Tom Anderson

Personal information
- Birth name: Torsten Reinhold Andersson
- Born: 9 February 1904 Sollefteå, Sweden
- Died: 19 December 1986 (aged 82) Christchurch, New Zealand
- Spouse: Irene Cory ​(m. 1934)​

Sport
- Country: New Zealand
- Sport: Wrestling

= Torsten Anderson =

New Zealand wrestler (1904–1986)

Torsten Reinhold "Tom" Anderson (né Andersson; 9 February 1904 – 19 December 1986) was a New Zealand wrestler who represented his country at the 1938 British Empire Games.

==Biography==
Born in Sollefteå, Sweden, on 9 February 1904, Anderson was the son of Johan Reinhold Andersson and Fanny Sofia Hägglund.

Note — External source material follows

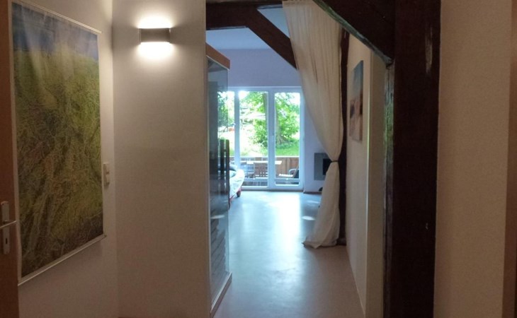 Lassen Sie es sich in unserer 85qm großen hellen, großzügigen und modernen Ferienwohnung gut gehen. Die Ausstattung ist vollwertig und hat alles zu bieten was man für einen erholsamen Urlaub braucht. Sie verfügt über eine eigene in sich geschlossene Terasse mit großer elektrischer Markise welche auch einen Nieselregen oder herbstlichen Nebel abhält. Von der Terrasse aus haben Sie einen direkten Zugang zum Garten sowie einen großen Grill dabei. Ist das Wetter nicht so freundlich, können Sie eine schöne Zeit in der großflächig verglasten Sauna mit Blick nach draußen verbringen. Der eigene Stellplatz (für einen Pkw) mit eigenem Eingang rundet das Bild ab. Unsere zutrauliche Neufundländerhündin bewegt sich frei auf dem großzügigen eingezäunten Grundstück. Dieses kann für die Freizeitgestaltung nach Absprache mitbenutzt werden. Die alten Linden laden an heißen Sommertagen zum Verweilen darunter ein. Im Sommer haben wir zwei Hausschweine die in der ländlichen Idylle nicht fehlen dürfen und neben der Ferienwohnung im Stall bzw. Auslauf wohnen. WLAN ist in der Wohnung ebenfalls verfügbar und wird über einen eigenen Zugang gewährleistet welcher mit maximal 16 Mbps überträgt ("16.000er Leitung"). Der moderne große 55" Bildschirm verfügt über Amazon- und Netflixzugänge. Sie benötigen nur Ihre Zugangsdaten um Ihre Filme zu sehen. Alternativ SAT Programme. Die Küche verfügt über eine große stand-alone Kühl-Gefrierkombination damit Sie ausreichend vorsorgen können. Wichtige Hinweise: Buchungen mit Anreise am gleichen Tag oder bis übermorgen können wir in der Regel nicht zusagen. Wir brauchen etwas Vorlauf. Bei einer Belegung mit 5 Personen kann max. 1 Hund mitkommen, bei einer Belegung mit 6 Personen entfällt die Option "Hund" komplett. Weiterhin haben Hunde keinen Bett und / oder Sofazugang. Der gehört ausschließlich den Zweibeinern. Aus hygienischen Gründen sind in der Küche keine Lebensmittel bzw. Zutaten vorhanden. Kurzbeschreibung Sonstiges : Nichtraucherhaus Kurzbeschreibung 1Anzahl Küchen : 1Sonstige Räume : Abstellraum für Fahrräder Wohnzimmer 1Sonstige Wohnzimmerausstattung : Das Schlafsofa ist nicht die Couchecke, sondern zusätzlich zum Sitzen oder als Platz 5+6. Bei dem Ofen handelt es sich um einen Bioethanolkamin. Weiterhin befinden sich hier im Wohnzimmer der Schreibtisch, der 55" Flachbildschirm sowie die Soundbox über bluetooth koppelbar mit Ihrem Handy. Schlafzimmer 1Sonstige Schlafzimmereinrichtung : geräumiger Kleiderschrank, Zustellbett für Kleinkinder möglich. Das Zimmer verfügt über ein Kipp-Dreh-Fenster welches in den luftigen Wirtschaftsgang öffnet. Der Blick ins Freie geht mittelbar durch das gegenüberliegende originale historische Fenster. Schlafzimmer 2 Sonstige Schlafzimmereinrichtung : Kleiderschrank, separate große Kommode. Das Zimmer verfügt über ein Oberlicht welches zum Lüften geöffnet werden kann. Ein direkter Blick in den Himmel ist baubedingt hier nicht möglich. Badezimmer 1Sonstige Badezimmereinrichtung : Hier befindet sich auch die Waschmaschine sowie der Wäschetrockner, die Dusche ist fast ebenerdig (3cm) und begehbar Küche 1Sonstige Kücheneinrichtung : die Wohnküche ist sehr gemütlich mit einem direktem Terrassenzugang und sie ist komplett ausgestattet. Umgebung Leihmöglichkeiten : Bootsverleih, Fahrradverleih Sportmöglichkeiten in der Umgebung : Angeln, Bolzplatz, Golfplatz, Jagdmöglichkeit, Kanu, Mountainbiking, Radtouren, Reithalle, Reitplatz/Reitmöglichkeiten, Rudern, Segeln, Tauchen, Tennis Umgebung 1Ausflugsmöglichkeiten: da sind wir gern behilflich: Je nachdem was im Vordergrund steht: Rostock, Schwerin, naturnahe Ausflüge, Tierpark MV - einfach fragen, wir geben Tipps Ortsbeschreibung : Es handelt sich um einen kleinen ruhigen Ort welcher zentral liegt und damit einen guten Ausgangspunkt für vielseitige Aktivitäten darstellt. Einkaufsmöglichkeiten gibt es in Güstrow oder Krakow. Der historische Schafstall mit der darin gelegenen Ferienwohnung gehört zu der Gutsanlage Hoppenrade welche insgesamt als Ensemble unter Denkmalschutz steht Garten und Außenanlagen Freizeiteinrichtungen am Objekt : Sauna Gartenausstattung : Gartenmöbel vorhanden, Grill, Spielgeräte Serviceleistungen (ggfs. kostenpflichtig) : Einkaufsservice vor der Anreise, Kinderbetreuung, Babysitter mögl. 1Sonstiges : Wir haben unsere Terrasse mit einer elektrisch betriebenen Markise mit Windsensor ausgestattet. Diese überspannt nahezu den kompletten Sitzbereich und lässt auch bei leichtem Regen die Außennutzung zu. Die helle gemütliche Sauna für zwei Personen mit Blick ins Freie lässt Sie das feuchte Herbstwetter entspannt genießen. Wer sich vorab Fahrräder ausleihen möchte, damit diese gleich bei der Anreise bereit stehen, kann uns gern dazu ansprechen. Wir kümmern uns darum. Zuletzt noch: Wenn Sie mit Ihrem Hund anreisen, können wir gern einen Futter- und Wassernapf bereitstellen damit Sie dies nicht mitzubringen brauchen. Objekt in Wohnsiedlung; Außen: Eingefriedet; Garten vorhanden; Holzgrill; PKW-Stellplätze insgesamt: 1; Privatparkplatz; Veranda; Allgemein: Badezimmer: 2; Baujahr: 1896; Etage: 0; Fahrrad Verleih: 0,00 km; Gesamtzahl Etagen: 1; Grundstücksfläche: 4200 qm; Historisches Gebäude; Renovierungsjahr: 2018; Schlafzimmer; Wohnen: Bügeleisen; CD-Player; Doppelsofa; DVD-Player; Französisches Bett; Kamin; King-size Bett; Radio; Safe; Satelliten-TV; TV;Bad/WC: Dusche; Föhne; Sauna in der Nähe; Toilette; Kochen: Backofen; Ceranherd; Elektroherd; Gefrierfach; Herd; Kaffeemaschine; Kühlschrank; Mikrowelle; Spülmaschine; Tiefkühlschrank; Toaster; Wasserkocher; Sonstiges: Anbieter wohnt auf dem Grundstück; Aussicht; Bodenheizung; Haustier erlaubt: max. 2; Heizung; keine Gruppenbuchung; Keine Jugendgruppen; Kinderstuhl; Nichtraucherobjekt; Staubsauger; Trockner; Ventilator; Waschmaschine; W-Lan Komplettpaket;Entfernungen (Luftlinie, ca.): Entfernung Bar / Club: 12,00 km; Entfernun

Anderson began wrestling in 1925 when he met Anton Koolmann at the latter's newly established wrestling school in Sydney, Australia. The pair would later reconnect in Wellington after both had moved to New Zealand.

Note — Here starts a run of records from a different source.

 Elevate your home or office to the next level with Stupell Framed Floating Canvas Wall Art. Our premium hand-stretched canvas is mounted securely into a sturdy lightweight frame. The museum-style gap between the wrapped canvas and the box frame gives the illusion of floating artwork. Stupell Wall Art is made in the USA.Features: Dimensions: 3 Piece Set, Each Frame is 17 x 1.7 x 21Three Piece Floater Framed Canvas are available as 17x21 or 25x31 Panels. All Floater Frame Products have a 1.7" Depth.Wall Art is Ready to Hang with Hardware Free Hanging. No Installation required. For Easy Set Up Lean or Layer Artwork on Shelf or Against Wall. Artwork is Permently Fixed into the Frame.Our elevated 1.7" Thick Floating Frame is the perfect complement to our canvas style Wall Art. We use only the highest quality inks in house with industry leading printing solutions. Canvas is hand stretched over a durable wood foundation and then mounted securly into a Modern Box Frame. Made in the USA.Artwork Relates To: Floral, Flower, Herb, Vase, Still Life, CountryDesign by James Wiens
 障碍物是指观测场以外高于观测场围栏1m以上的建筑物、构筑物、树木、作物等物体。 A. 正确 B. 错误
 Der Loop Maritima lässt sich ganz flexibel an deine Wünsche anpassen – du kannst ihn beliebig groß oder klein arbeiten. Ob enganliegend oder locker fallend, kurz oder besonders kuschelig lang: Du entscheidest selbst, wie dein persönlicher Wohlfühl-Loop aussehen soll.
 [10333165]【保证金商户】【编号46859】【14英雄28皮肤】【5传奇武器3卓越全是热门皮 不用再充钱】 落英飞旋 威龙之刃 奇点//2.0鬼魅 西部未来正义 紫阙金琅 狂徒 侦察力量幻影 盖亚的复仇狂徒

Anderson became a naturalised New Zealand citizen on 12 January 1938, less than a month before the 1938 British Empire Games in Sydney. At those games, he competed in the freestyle wrestling light-heavyweight (90 kg) division, finishing in fourth place.

Anderson died in Christchurch on 19 December 1986, and he was buried at Memorial Park Cemetery, Christchurch.